A $16 billion financing package for a massive Oracle Corp. data center in Michigan has closed after months of difficult negotiations, the latest sign of both the enormous appetite for AI infrastructure and the growing wariness among investors asked to fund it.
Bank of America sold $14 billion in bonds tied to the project, with Pacific Investment Management Co. serving as the anchor buyer, according to a statement from Related Digital, the data center’s developer. Pimco alone purchased roughly $10 billion of the bonds, with other institutional investors absorbing the remainder, according to people with knowledge of the deal who asked not to be identified because they are not authorized to speak publicly.
The bonds, sold privately in a 144A offering available only to large institutional investors, mature in 2045, were priced at 98.75 cents on the dollar and carry a 7.5% coupon. Wells Fargo and Goldman Sachs were also involved in the transaction. Representatives for Bank of America, Wells Fargo and Goldman Sachs did not immediately respond to requests for comment.
The debt is part of the broader $16 billion package that will fund a data center campus in Saline Township in southeastern Michigan.

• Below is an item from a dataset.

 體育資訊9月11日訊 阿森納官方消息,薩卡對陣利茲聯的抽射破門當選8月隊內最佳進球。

Oracle is the tenant and is expected to use the facility to power applications for OpenAI. The financing also includes equity contributions from Related Digital and funds affiliated with Blackstone Inc., which put in roughly $2 billion.
Related Digital, a venture of New York-based property developer Related Cos., said the project would play a critical role in the country’s digital future.

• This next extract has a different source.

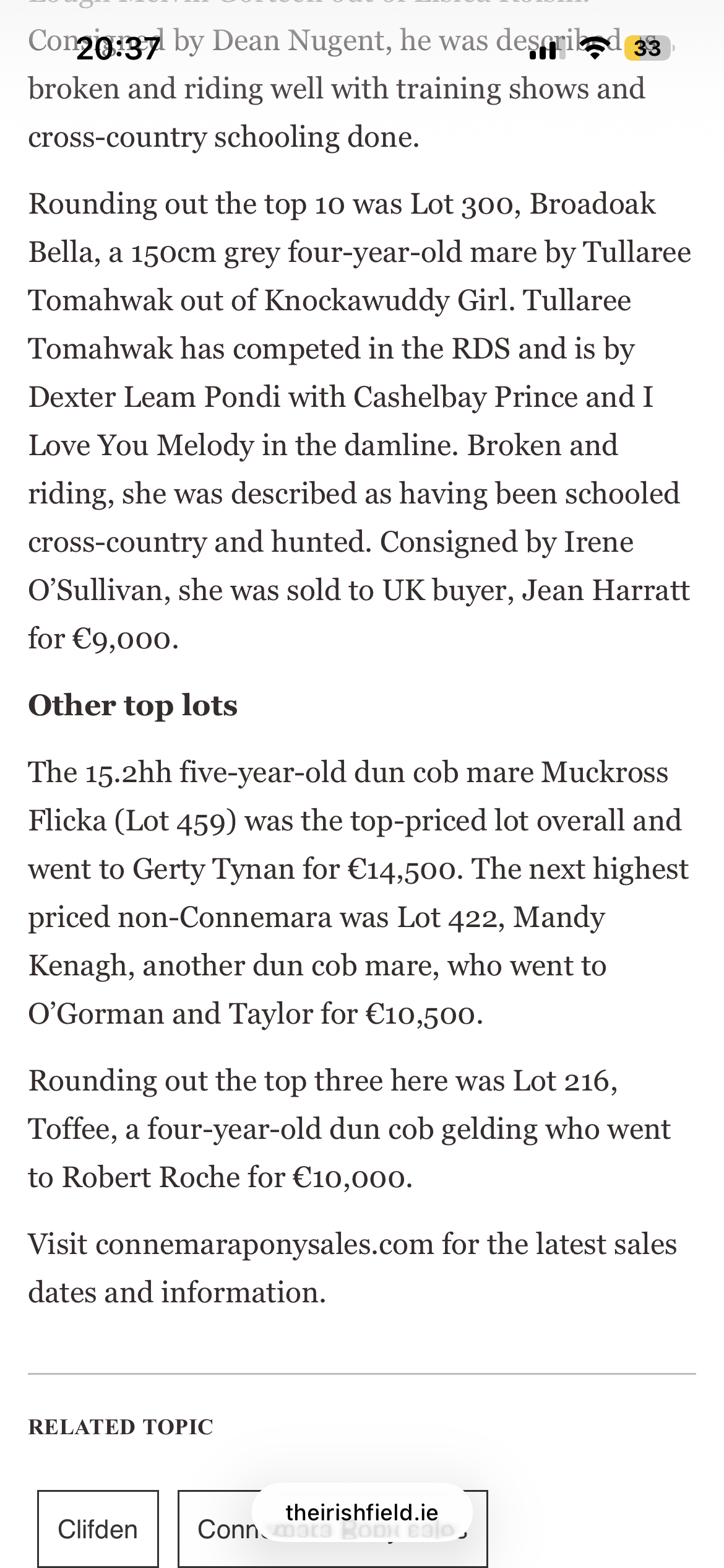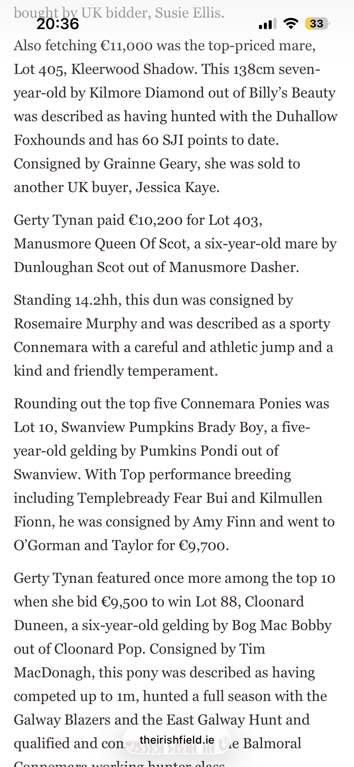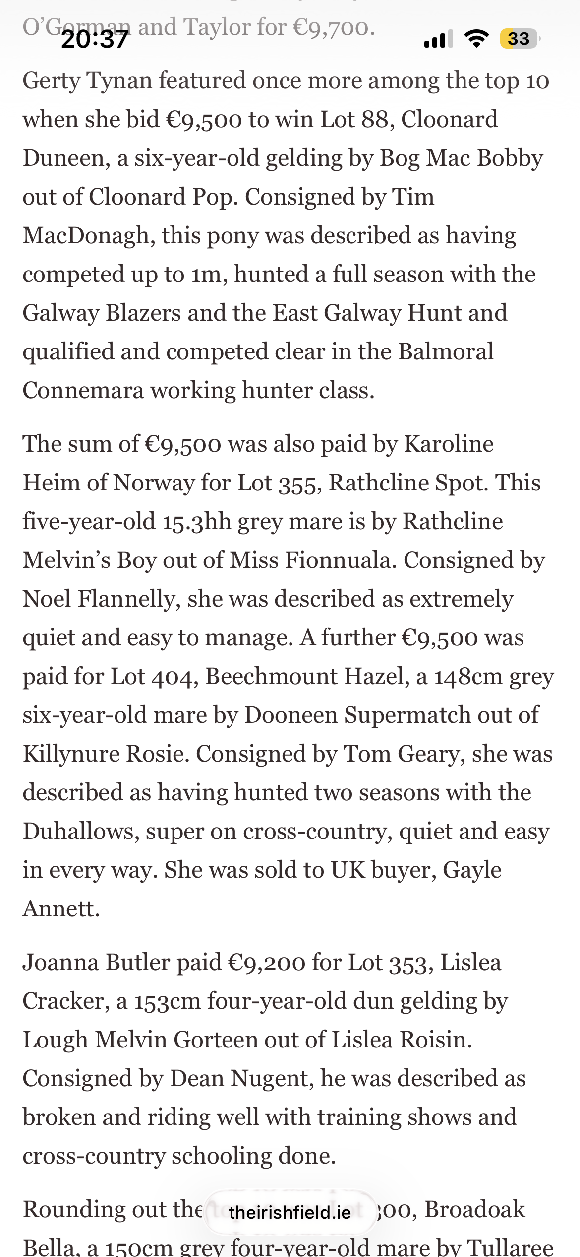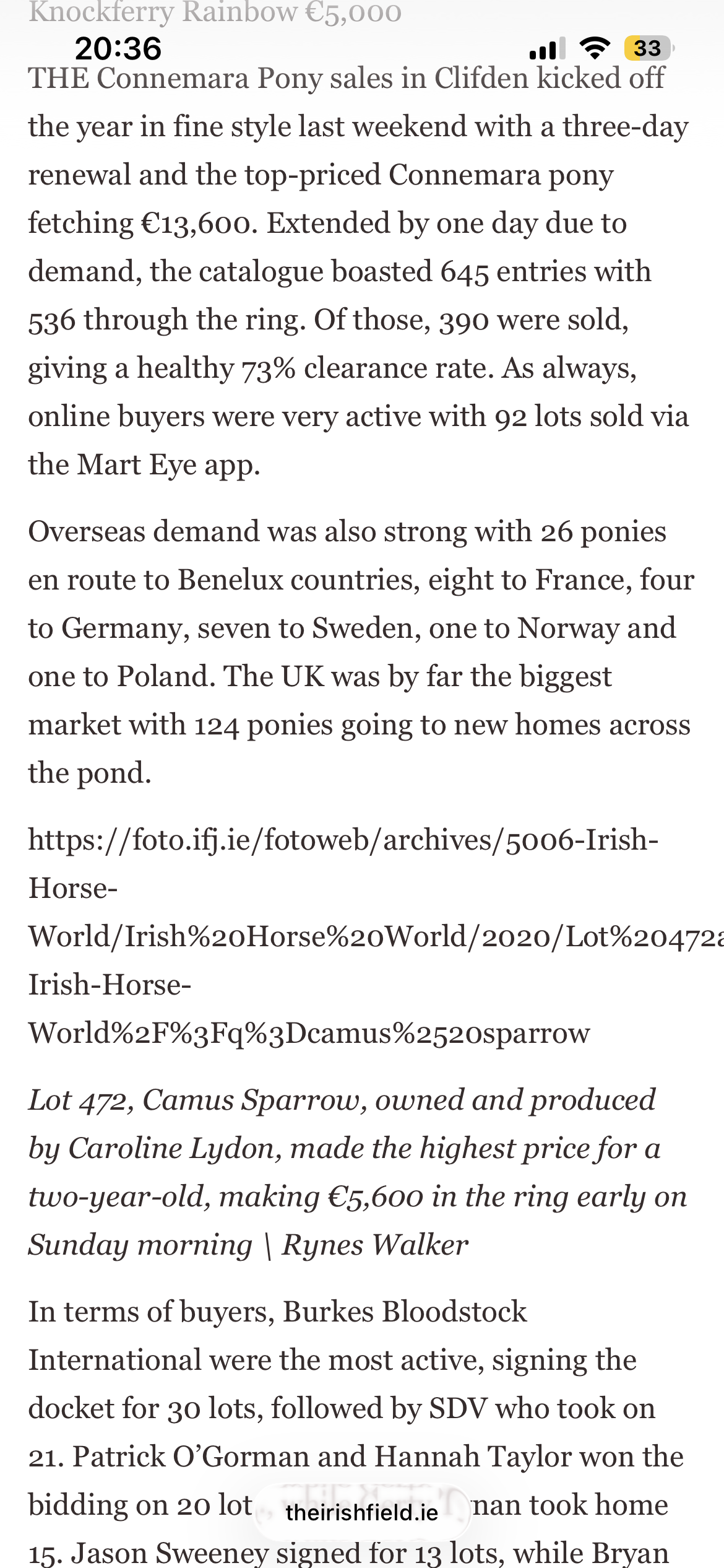 Here is a review of our three day February sale in the Irish Field this weekend, here is a link to the original article.

The prolonged path to closing underscores how Wall Street is applying greater scrutiny to the debt-fueled AI infrastructure boom even as demand for data center capacity continues to surge. The Michigan deal follows a series of even larger financing packages assembled for Oracle data centers, including a $38 billion deal for facilities in Texas and Wisconsin and an $18 billion package for a site in New Mexico.
The broader buildout shows little sign of slowing. The largest technology companies are pouring hundreds of billions of dollars into data centers and AI infrastructure, with much of that capital coming from debt markets. Since last year, at least $290 billion in financing has been arranged for hyperscaler projects. Oracle has emerged as one of the largest high-grade corporate bond issuers in the United States, with roughly $120 billion of notes in the main U.S. corporate bond index. In early February, the company sold an additional $25 billion in bonds.